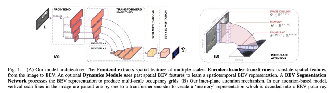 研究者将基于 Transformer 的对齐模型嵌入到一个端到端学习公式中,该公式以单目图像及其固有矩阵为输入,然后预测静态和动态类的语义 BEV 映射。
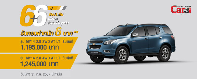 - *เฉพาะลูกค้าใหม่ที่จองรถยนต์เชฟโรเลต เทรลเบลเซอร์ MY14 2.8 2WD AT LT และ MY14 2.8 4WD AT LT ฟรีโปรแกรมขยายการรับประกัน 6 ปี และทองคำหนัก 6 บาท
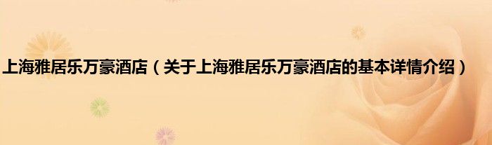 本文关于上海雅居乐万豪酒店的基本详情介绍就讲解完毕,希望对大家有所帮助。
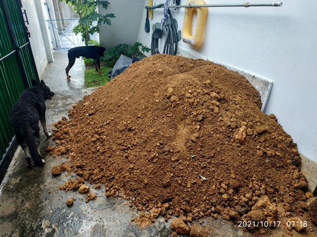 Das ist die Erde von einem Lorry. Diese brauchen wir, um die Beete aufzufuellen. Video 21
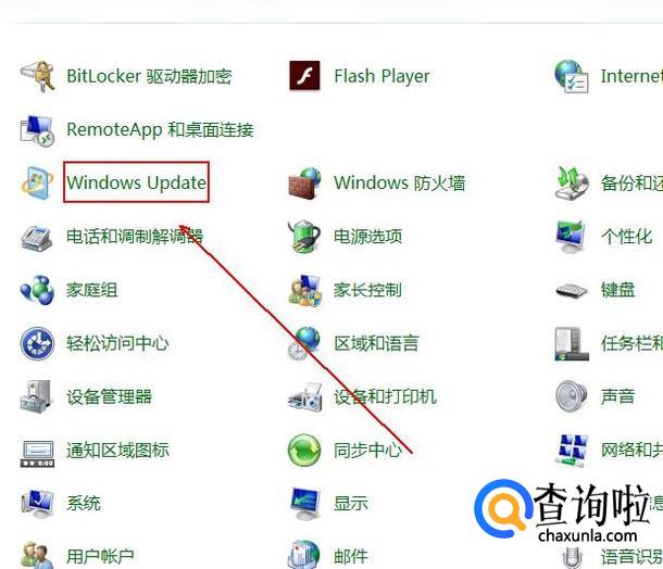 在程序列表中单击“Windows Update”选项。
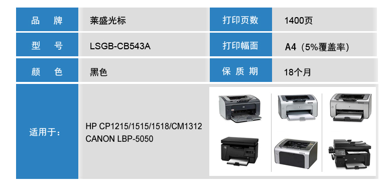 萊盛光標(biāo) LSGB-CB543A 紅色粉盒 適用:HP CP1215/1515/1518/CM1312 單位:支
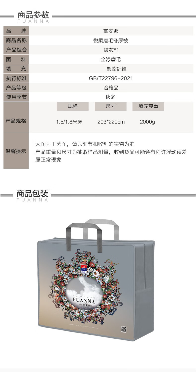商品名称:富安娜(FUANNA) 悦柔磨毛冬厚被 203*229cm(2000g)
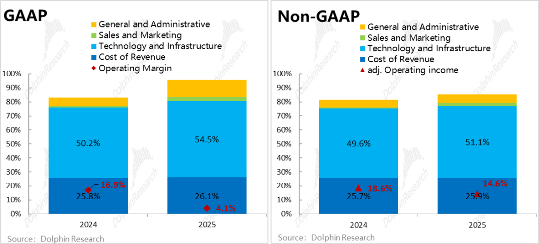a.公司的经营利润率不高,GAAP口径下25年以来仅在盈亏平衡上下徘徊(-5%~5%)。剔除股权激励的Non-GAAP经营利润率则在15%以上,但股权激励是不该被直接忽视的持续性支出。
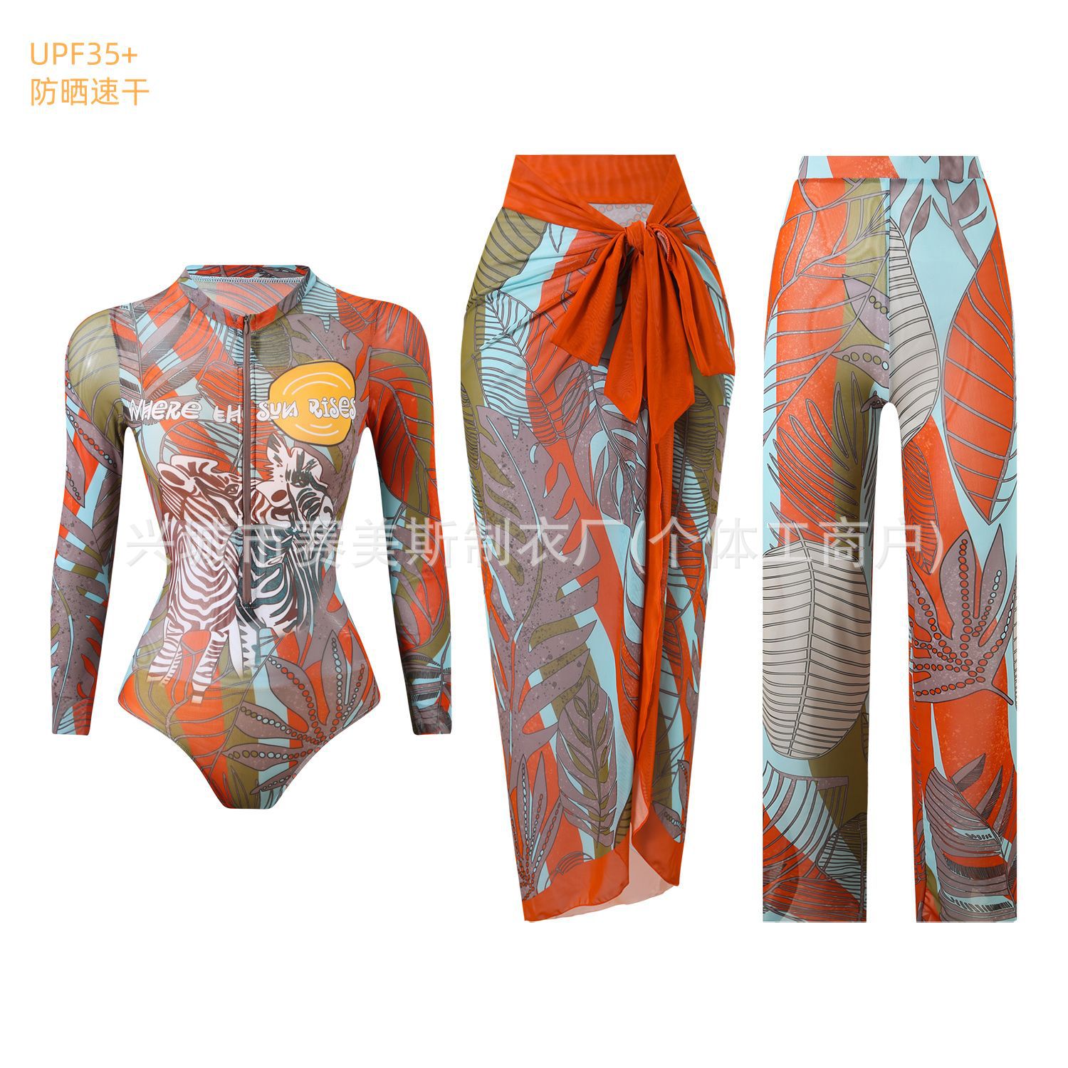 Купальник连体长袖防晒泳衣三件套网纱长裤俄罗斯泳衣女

Description of the task:
Would you write out exactly the lines of the data from the one holding "- *เฉพาะลูกค้าใหม่ที่จองรถยนต์เชฟโรเลต เทรลเบลเซอร์" to the final line, both included, with pictures left out?

Task response:
 - *เฉพาะลูกค้าใหม่ที่จองรถยนต์เชฟโรเลต เทรลเบลเซอร์ MY14 2.8 2WD AT LT และ MY14 2.8 4WD AT LT ฟรีโปรแกรมขยายการรับประกัน 6 ปี และทองคำหนัก 6 บาท
 本文关于上海雅居乐万豪酒店的基本详情介绍就讲解完毕,希望对大家有所帮助。
 Das ist die Erde von einem Lorry. Diese brauchen wir, um die Beete aufzufuellen. Video 21
 在程序列表中单击“Windows Update”选项。
 萊盛光標(biāo) LSGB-CB543A 紅色粉盒 適用:HP CP1215/1515/1518/CM1312 單位:支
商品名称:富安娜(FUANNA) 悦柔磨毛冬厚被 203*229cm(2000g)
a.公司的经营利润率不高,GAAP口径下25年以来仅在盈亏平衡上下徘徊(-5%~5%)。剔除股权激励的Non-GAAP经营利润率则在15%以上,但股权激励是不该被直接忽视的持续性支出。
 Купальник连体长袖防晒泳衣三件套网纱长裤俄罗斯泳衣女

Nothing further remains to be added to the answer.